Qing government was very cautious about this rebellion. Because both sides of the conflict are Vietnamese, the Qing government refused to be involved in the conflict, even though the Qing army had gathered in the border area to prevent conflicts from spreading into Chinese territory. Qing refused to intervene militarily into areas under Nguyễn control that Chinese troops. At the same time, the Qing court prevented Nguyễn troops from coming into Chinese territory, even for the sole purpose of pursuing rebel forces.

== After the 1830s ==
The death of Nong Van Van brought to a close the widespread uprising launched under his leadership and other tribal chieftains in the borderland. Nominally, the failure of this uprising was a victory for the Nguyen court of controlling the mining in the northern uplands. In reality, the court's victory was short-lived. Through the rest of the 1830s, the total number of operative mines remained around 30 to 40. In 1840, out of twenty-seven gold mine sites in northern Vietnam, only nine were still in operation; the remaining eighteen sites had been sealed shut. Out of ten silver mine sites; only seven were still active, with three having been abandoned.

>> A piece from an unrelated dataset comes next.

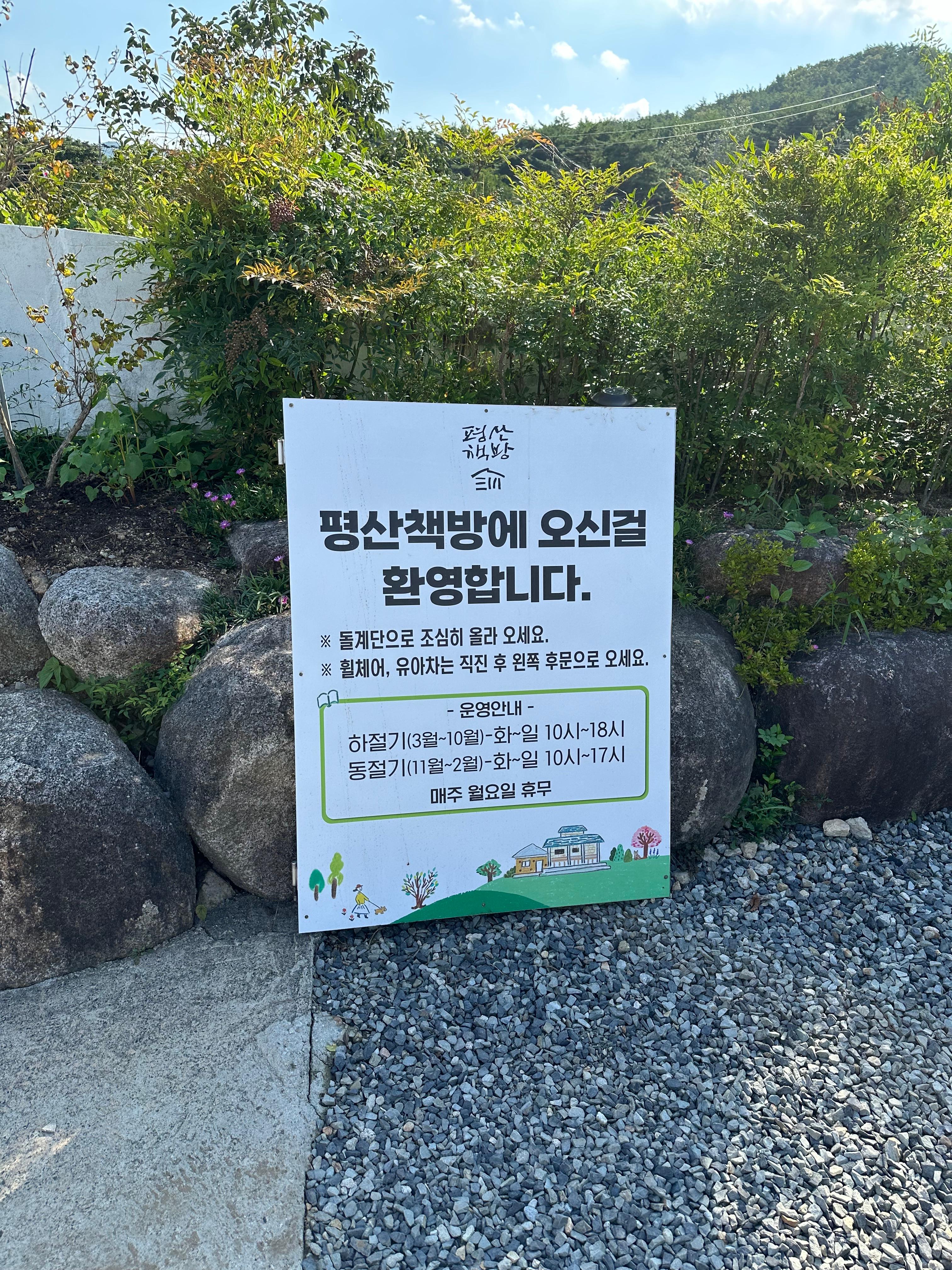 - 평산책방은 관광지보다는 평산마을 주민들이 사는 지역으로 주차가 어려울 수 있습니다. 특히 대통령님 사저가 있는 곳으로 도로변 및 경호에 방해가 될 경우 경호처의 제지를 받을 수 있습니다.

Emperor Minh Menh continued to stimulate mining activities through direct management by the state. In his proposal, the state provided the capital, sent officials to the mines and hired the labors. However, these measures did not receive the expected results. After two attempts, the total amount of silver produced by the state-operated mines was only 8 taels, 7 coppers at the Tong Tinh mine and 10 taels, 5 coppers at the Nhan Son mine; the state had thus incurred a loss of over 100 strings in a short time. With such wretched results, Emperor Minh Menh ordered work to be stopped at both mines and returned them to receivership by private individuals again. The government later released restrictions on the operation of mines by individuals and local officials like mid-1700s. Minh Menh was forced to resume the old management model of receivership for tax collection. However, none of them played a role. The prosperity of the mining industry in northern Vietnam had passed. After half a century of war and chaotic management, the mining industry has been destined to decline.